While the huge volume of big data in healthcare continues to generate headlines, a new report finds that it’s the diverse types of data that’s a bigger challenge to data scientists and is causing them to “leave data on the table.”
According to a new survey by the Waltham, Mass.-based computational database company Paradigm4, nearly three-quarters of data scientists—71 percent—said big data had made their analytics more difficult, and data variety, not volume of data from electronic health records (EHRs), connected mobile devices, genomic sequencers and sensors, was to blame.

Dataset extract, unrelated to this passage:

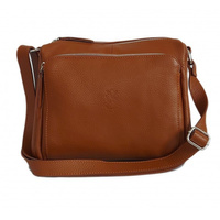 Włoska listonoszka, przewieszka A5 trzy komory skórzana Florence pojemna Camel VPS8XC

The survey also showed that 36 percent of data scientists say it takes too long to get insights because the data is too big to move to their analytics software. These issues cause data scientists to omit data from analyses and prevent them from maximizing the value of their work.
Additional results of the survey, which were generated from 111 data scientists in the U.S., found that 91 percent of data scientists said they're using complex analytics on their big data now or plan to within the next two years. Forty-nine percent of respondents said they're finding it more difficult to fit their data into relational database tables. And 40 percent said their biggest problem they face in gaining insights from their big data is managing new types and sources of data.
“The increasing variety of data sources is forcing data scientists into shortcuts that leave data and money on the table,” Marilyn Matz, CEO of Paradigm4, said in a statement. “The focus on the volume of data hides the real challenge of data analytics today. Only by addressing the challenge of utilizing diverse types of data will we be able to unlock the enormous potential of analytics.”